Core files are located at
/cs-shared/test_runs/nodeg28/2016_01_05_12_19_34/nodek12_core.contrail-vroute.2786.nodek12.1451986955.gz
/cs-shared/test_runs/nodeg28/2016_01_05_12_19_34/nodek11_core.contrail-vroute.2876.nodek11.1451984793.gz

Contrail Version:3.0-2692-kilo

Traceback:
Using host libthread_db library "/lib/x86_64-linux-gnu/libthread_db.so.1".

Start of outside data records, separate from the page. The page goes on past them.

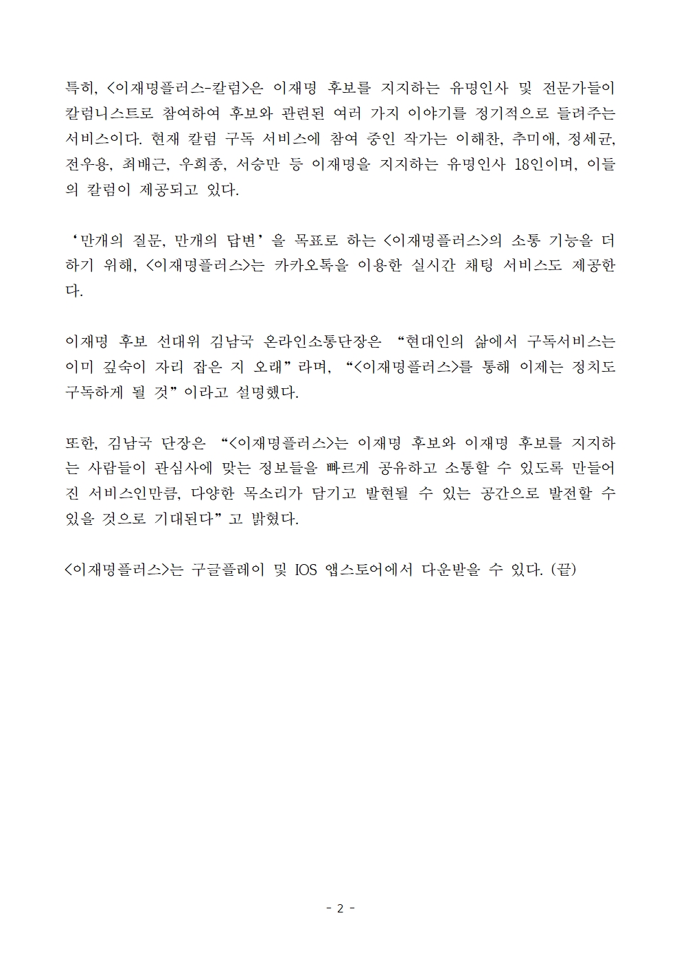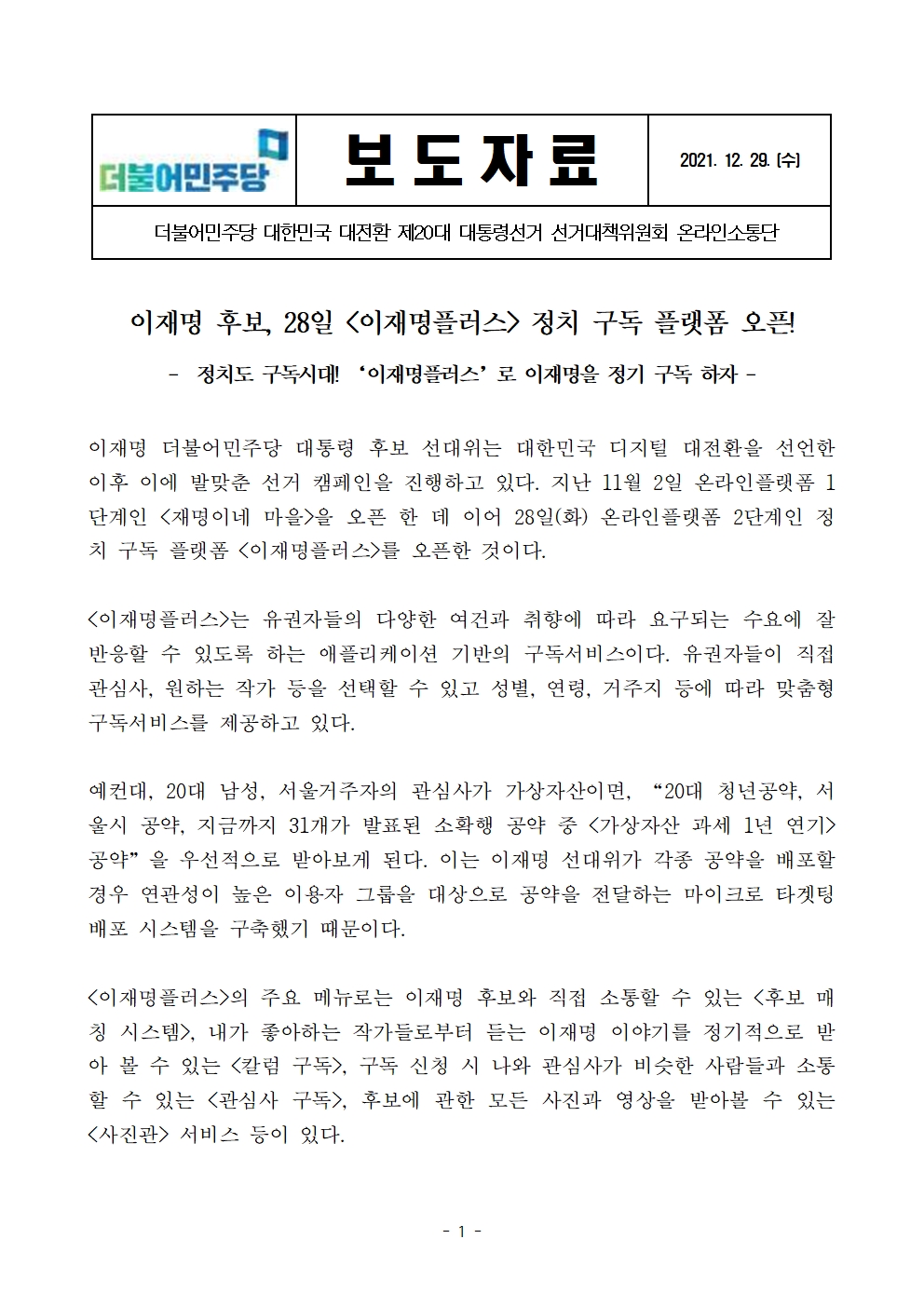 [보도자료] 더불어민주당 선대위 온라인소통단, '이재명플러스' 정치 구독 플랫폼 오픈
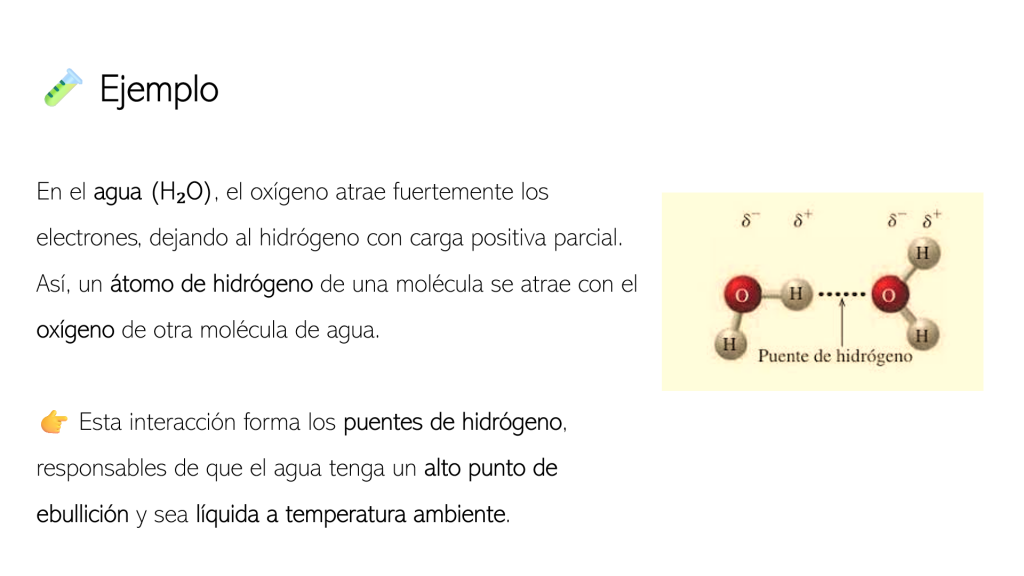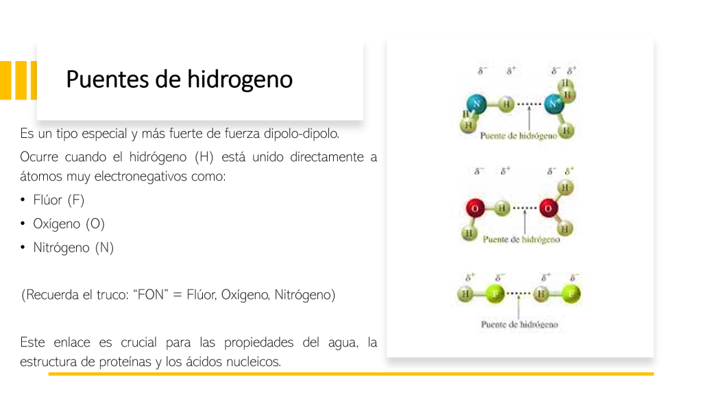 Procesos biológicos: Desempeñan un papel en la estructura de moléculas biológicas, como la doble hélice del ADN, que está estabilizada por puentes de hidrógeno entre las bases nitrogenadas.
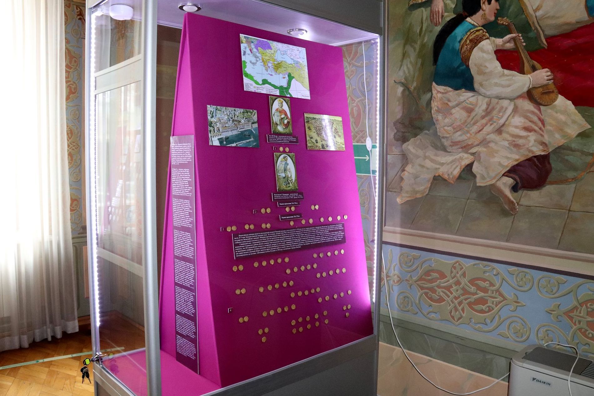 Экспозиция основана на нумизматической коллекции музея из драгоценных металлов. В витринах представлены монеты времен правления византийских императоров Льва III Исавра, Константина V Копронима и Льва IV Хазара — предметы выдающегося памятника истории и культуры — Славянского клада. Его нашли 7 мая 1989 года на рисовых чеках колхоза «Путь коммунизма» вблизи станицы Анастасиевской. В музей имени Фелицына поступили 207 монет — 205 византийских солида и 2 хазарских динара. Также на выставке представлена монетная система Российской Империи — от Петра I до Николая II.

Core was generated by `/usr/bin/contrail-vrouter-agent'.
Program terminated with signal SIGABRT, Aborted.
#0 0x00007f06899cfcc9 in __GI_raise (sig=sig@entry=6)

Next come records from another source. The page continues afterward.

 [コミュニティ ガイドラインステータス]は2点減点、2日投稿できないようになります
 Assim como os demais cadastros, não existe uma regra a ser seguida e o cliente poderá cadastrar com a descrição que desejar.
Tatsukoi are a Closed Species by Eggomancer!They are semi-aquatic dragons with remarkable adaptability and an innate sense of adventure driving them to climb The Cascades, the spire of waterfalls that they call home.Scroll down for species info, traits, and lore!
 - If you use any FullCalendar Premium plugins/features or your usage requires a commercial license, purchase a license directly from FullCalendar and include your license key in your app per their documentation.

    at ../nptl/sysdeps/unix/sysv/linux/raise.c:56
#0 0x00007f06899cfcc9 in __GI_raise (sig=sig@entry=6)
    at ../nptl/sysdeps/unix/sysv/linux/raise.c:56
#1 0x00007f06899d30d8 in __GI_abort () at abort.c:89
#2 0x00007f06899c8b86 in __assert_fail_base (
    fmt=0x7f0689b19830 "%s%s%s:%u: %s%sAssertion `%s' failed.\n%n",
    assertion=assertion@entry=0x113b9b5 "0",
    file=file@entry=0x114cf30 "controller/src/vnsw/agent/oper/vrf.cc",
    line=line@entry=343,
    function=function@entry=0x114d4a0 "bool VrfEntry::DeleteTimeout()")
    at assert.c:92
#3 0x00007f06899c8c32 in __GI___assert_fail (assertion=0x113b9b5 "0",
    file=0x114cf30 "controller/src/vnsw/agent/oper/vrf.cc", line=343,
    function=0x114d4a0 "bool VrfEntry::DeleteTimeout()") at assert.c:101
#4 0x0000000000a58472 in VrfEntry::DeleteTimeout() ()
#5 0x00000000010fd7a9 in Timer::TimerTask::Run() ()

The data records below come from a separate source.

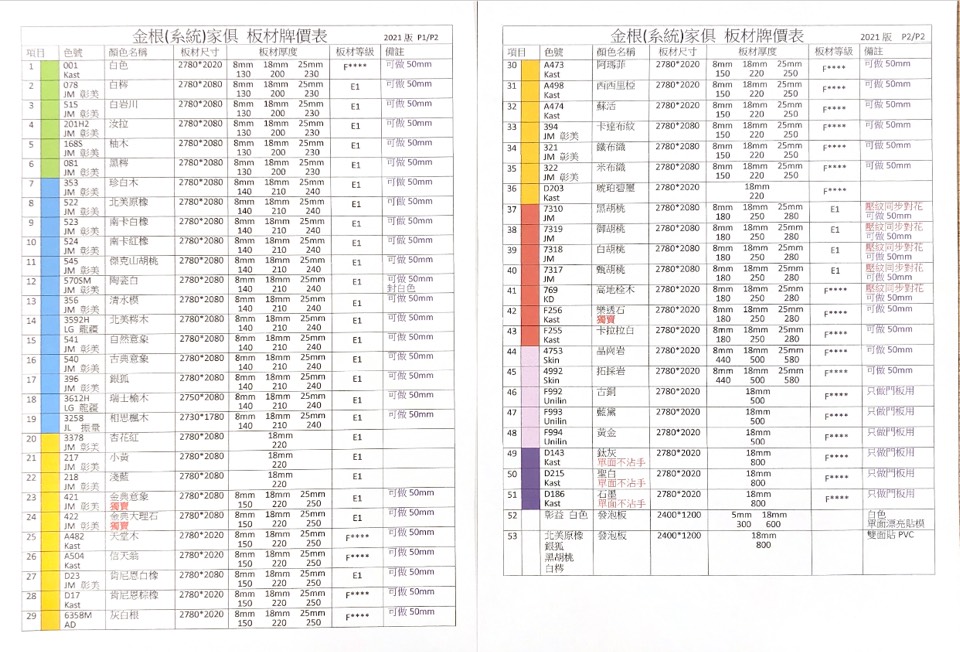 7月最新板材牌價表
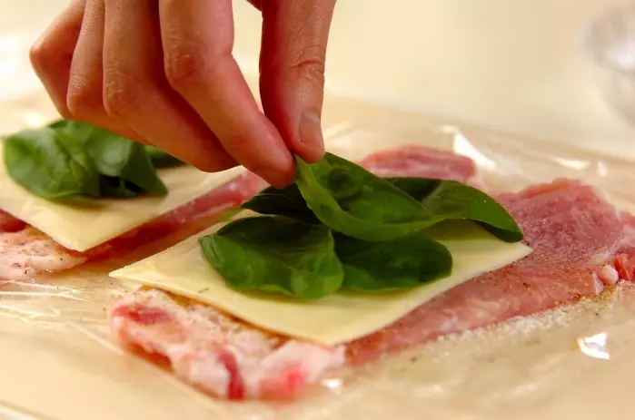 1. 豚肉に塩コショウをし、<衣>の小麦粉を薄く振り、半面にスライスチーズ、バジルをのせる。
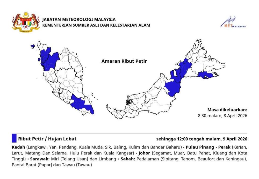 气象局于今晚(2026年4月8日)8时30分发布雷雨警报,预计全国多地将出现雷暴、豪雨及强风天气,警报持续至4月9日(星期四)午夜12时。
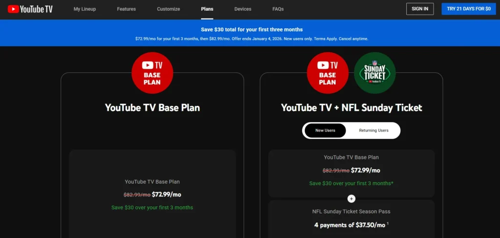 | YouTube TV | $82.99 / month | Sports Plus ($10.99), 4K Upgrade ($19.99) | 7-day trial |
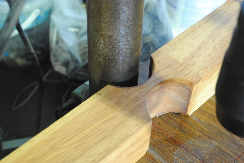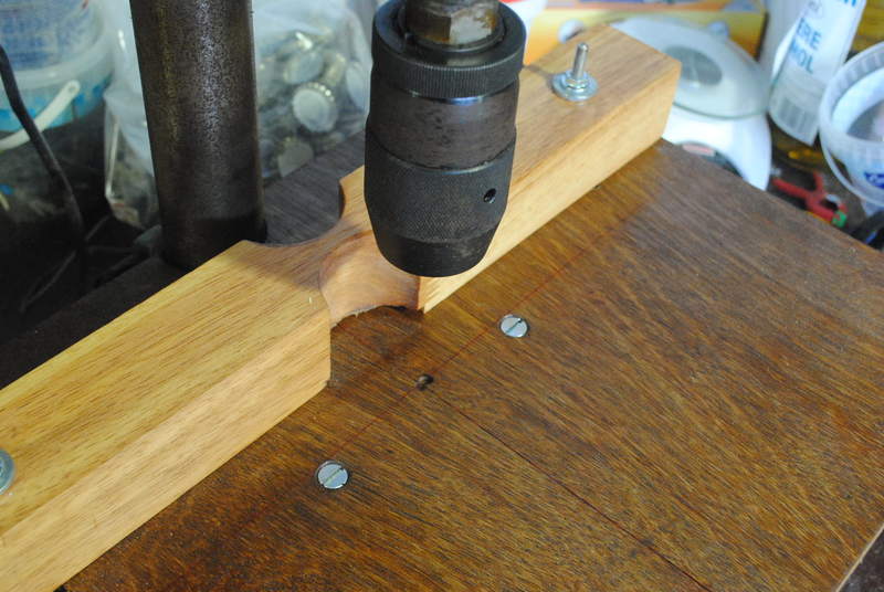 The fence has two rather large indentations. These were made on the new drill table with a hole saw.

#6 0x00000000010f6970 in TaskImpl::execute() ()
#7 0x00007f068a59eb3a in ?? () from /usr/lib/libtbb.so.2
#8 0x00007f068a59a816 in ?? () from /usr/lib/libtbb.so.2
#9 0x00007f068a599f4b in ?? () from /usr/lib/libtbb.so.2
#10 0x00007f068a5960ff in ?? () from /usr/lib/libtbb.so.2
#11 0x00007f068a5962f9 in ?? () from /usr/lib/libtbb.so.2
#12 0x00007f068a7ba182 in start_thread (arg=0x7f0682c55700)
    at pthread_create.c:312
#13 0x00007f0689a9347d in clone ()
    at ../sysdeps/unix/sysv/linux/x86_64/clone.S:111

Tags: sanity vrouter
Jeba Paulaiyan (jebap)
information type: Proprietary → Public
Revision history for this message
Daisuke Nakajima (dnakajima) wrote :

same core is seen on ToR-agent (Is this core same as https://bugs.launchpad.net/juniperopenstack/+bug/1493861 ?)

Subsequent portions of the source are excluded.